House leaders tried to revive the bill by including it in year-end budget legislation, but that legislation later died when Senate Republicans objected to adding food safety and other unrelated measures to the giant spending bill. Democratic leader Harry Reid gave the legislation a last-minute, surprise reprieve Sunday by working with Republicans to pass a stand-alone food safety bill by voice vote, sending it to the House. The House passed it 215-144, sending it to Obama just under the wire as Congress prepares to adjourn for the year.
The bill would emphasize prevention so the agency could try to stop outbreaks before they begin. The recent outbreaks have exposed a lack of resources and authority at the FDA as the embattled agency struggled to trace and contain the contaminated products. The agency rarely inspects most food facilities and farms, visiting some every decade or so and others not at all.
"Really this is a major victory for every American who will sit down at the dinner table and have more confidence that their food is going to be safe," said Erik Olson, director of food and consumer product safety at the Pew Health Group.
The legislation has unprecedented backing from many major food companies, many of which realize that safe food is good for business. Recent outbreaks in spinach and other foods have hurt those industries financially as consumers hear about widespread recalls.

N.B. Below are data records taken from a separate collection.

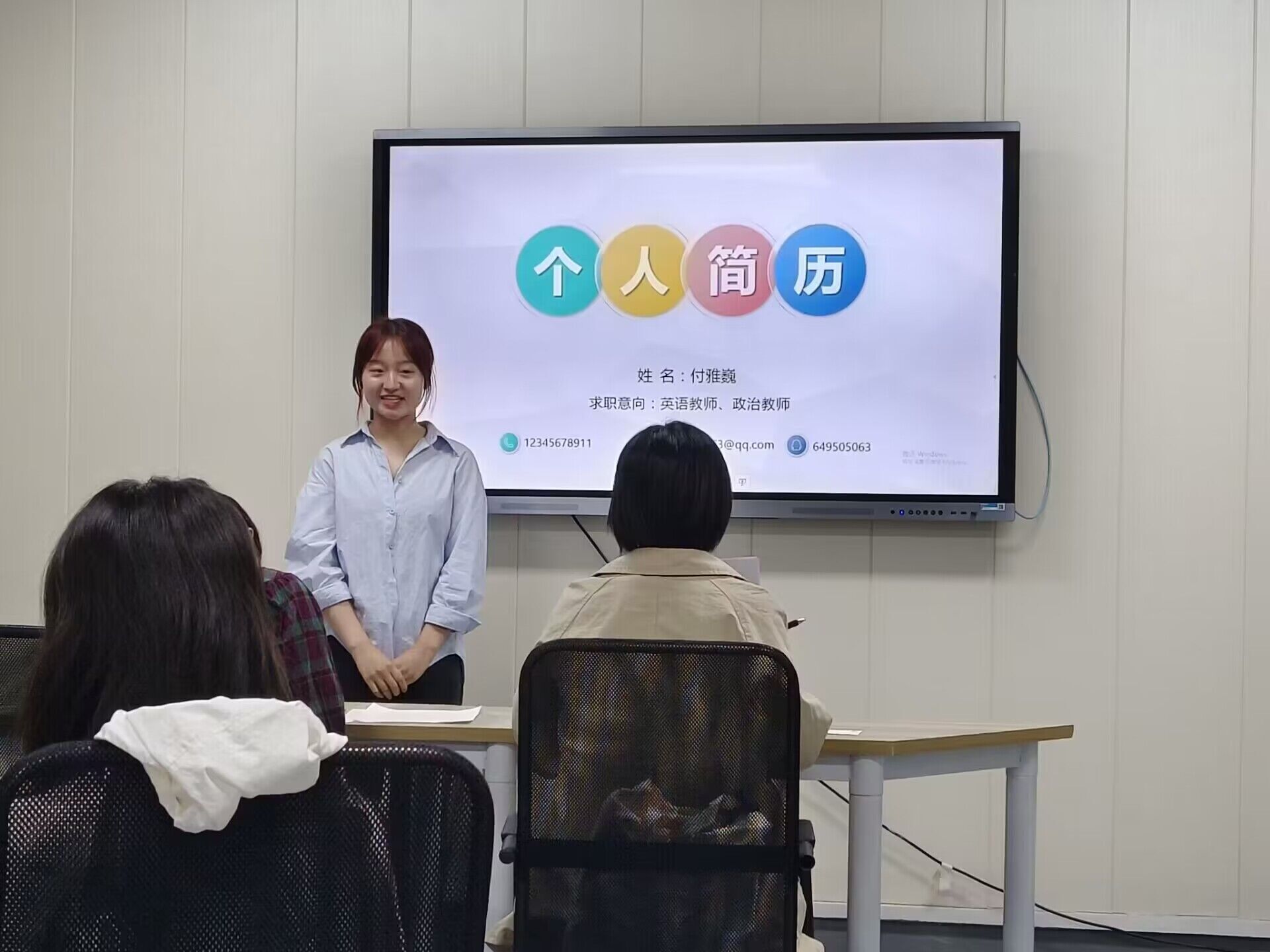 比赛过程中,选手以PPT的形式将个人基本信息、实践经历、自我评价等内容向大家进行展示。评委老师以员工专业为基础,围绕简历设计的科学性、合理性、创新性等方面进行了评选打分。最后,付雅巍同学制作的简历在比赛中荣登榜首,获得比赛一等奖。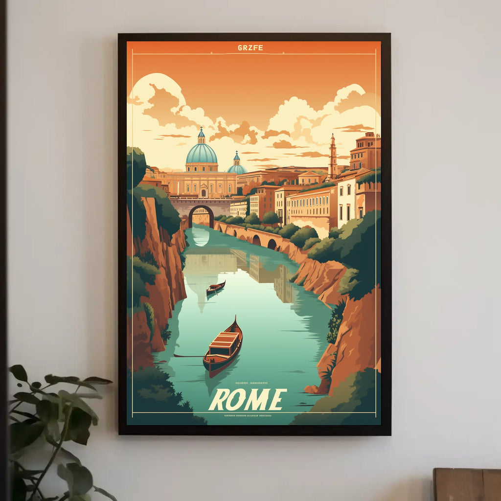 Why you'll love it: The poster blends vintage travel charm with a modern minimalist palette, offering a nostalgic yet fresh depiction of Rome that complements contemporary interiors. Soft sunset tones and crisp linework create depth and atmosphere, while the smooth reflection and two small boats add a peaceful focal point that draws the eye.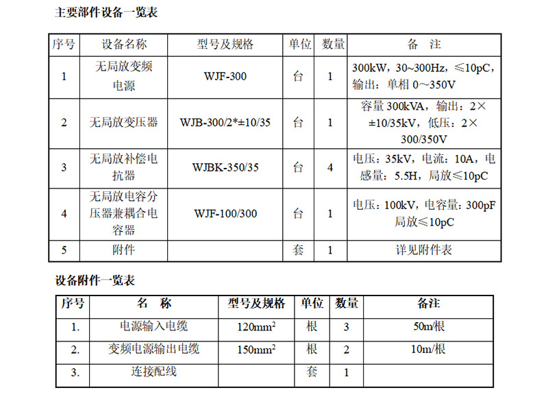 (1)設(shè)備型號(hào)及名稱(chēng): WJF-300kW無(wú)局放感應(yīng)耐壓試驗(yàn)裝置
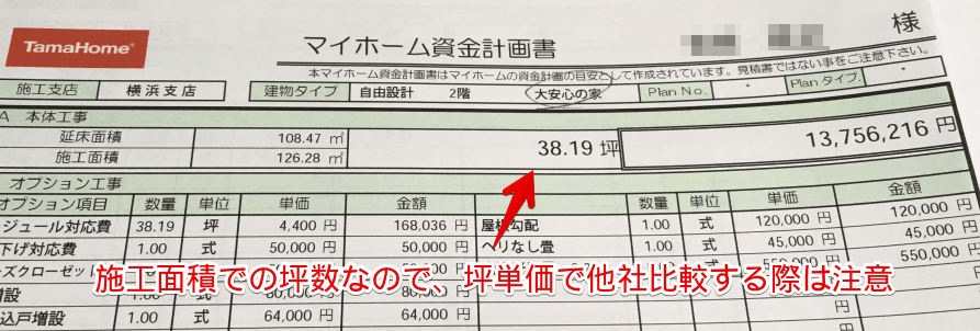 他社と金額を比較する場合、よく坪単価で比較することがありますが、注意しなければならないのは、タマホームの場合、施工面積で坪数を表記しています。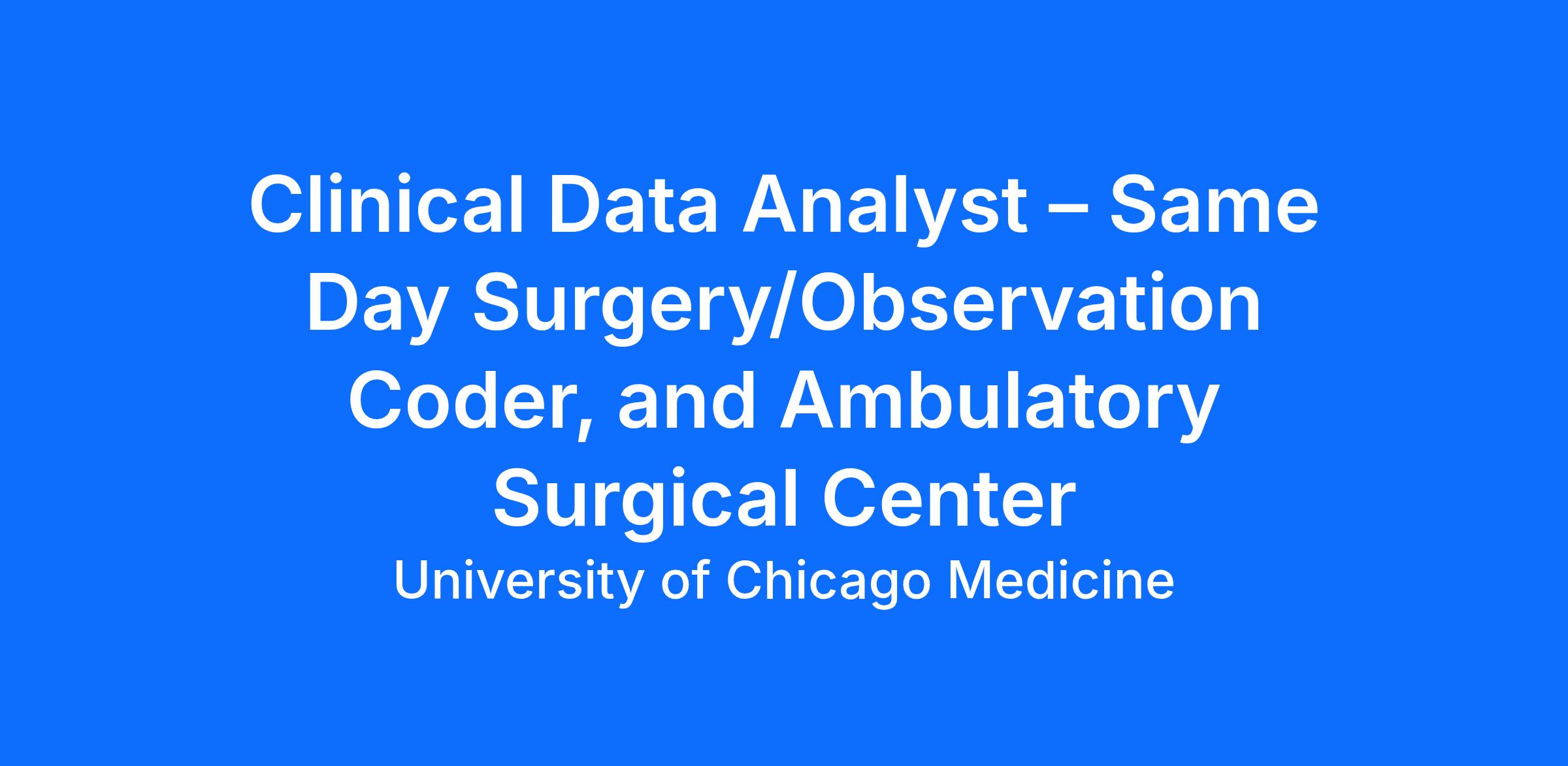 Be a part of a world-class academic health-care system at UChicago Medicine as a Clinical Data Analyst – Same Day Surgery/Observation Coder, and Ambulatory Surgical Center. This is a remote, work from home opportunity and you may be based outside of the greater Chicagoland area.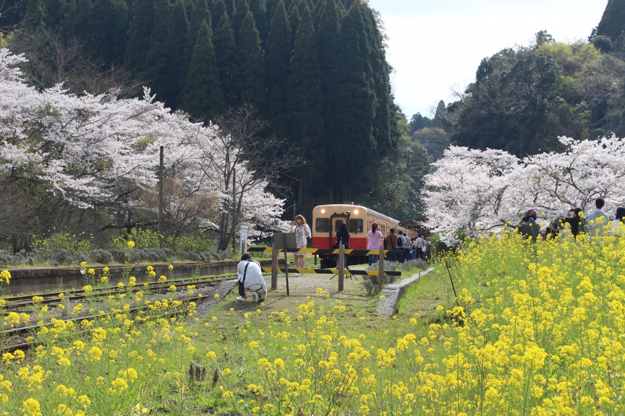 春の小湊鉄道は桜や菜の花が沿線に咲き乱れますが、特に桜と菜の花のコラボが美しいのが飯給駅と月崎駅です。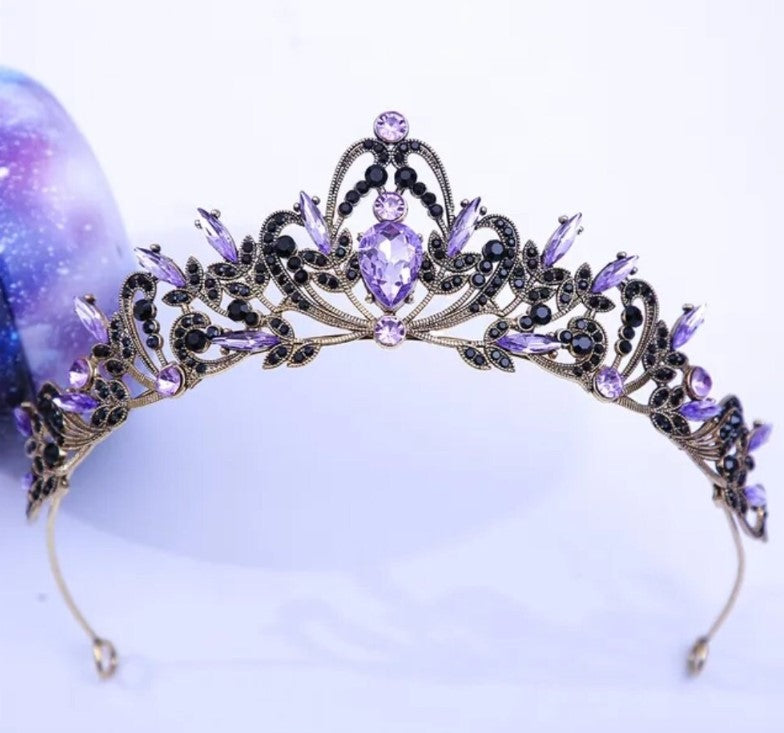 Goth Gold Purple Black Princess Tiara Queen headdress jewelry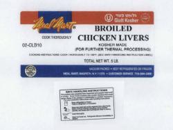 - 10 lb. boxes with two, 5 lb. bags of "Meal Mart Broiled Chicken Liver; Made for Further Thermal Processing"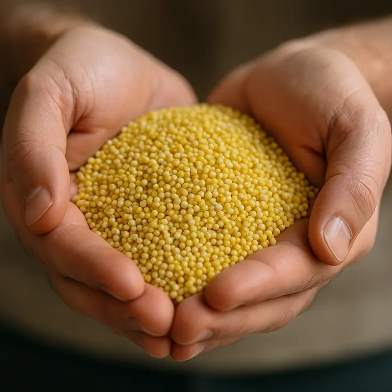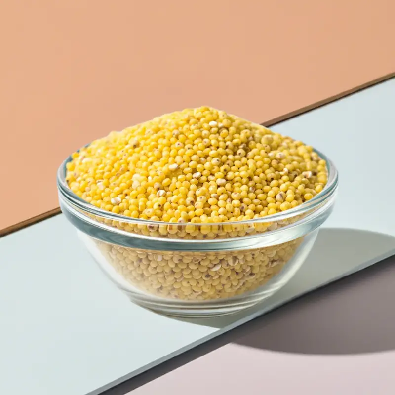 Millet is a very tiny, spherical grain which is golden yellow coloured and very subtly sweet.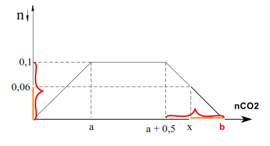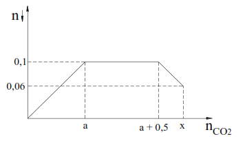 Sục CO2 vào dung dịch chứa Ca(OH)2 và NaOH ta thu được kết quả như hình bên.

Still, the bill came under fire from advocates of buying locally produced food and operators of small farms, who said it could bankrupt some small businesses. Senators eventually agreed to an amendment by Sen. Jon Tester, D-Mont., to exempt some of those operations from costly food safety plans required of bigger companies, rankling food safety advocates and larger growers but gaining support from farm-state senators. Those exemptions are included in the final bill.
The legislation would:
-Allow the FDA to order a recall of tainted foods. Currently the agency can only negotiate with businesses to order voluntary recalls;
-Require the FDA to create new produce safety regulations for producers of the highest risk fruits and vegetables;
-Increase inspections of domestic and foreign food facilities, directing the most resources to those operations with the highest risk profiles. The riskiest domestic facilities would be inspected every three years;
-Require farms and processors to keep records to help the government trace recalled foods;
-Require grocery stores to proactively alert consumers about recalls.
The bill would not apply to meat, poultry or processed eggs, which are regulated by the Agriculture Department. Those foods have long been subject to much more rigorous inspections and oversight than FDA-regulated foods.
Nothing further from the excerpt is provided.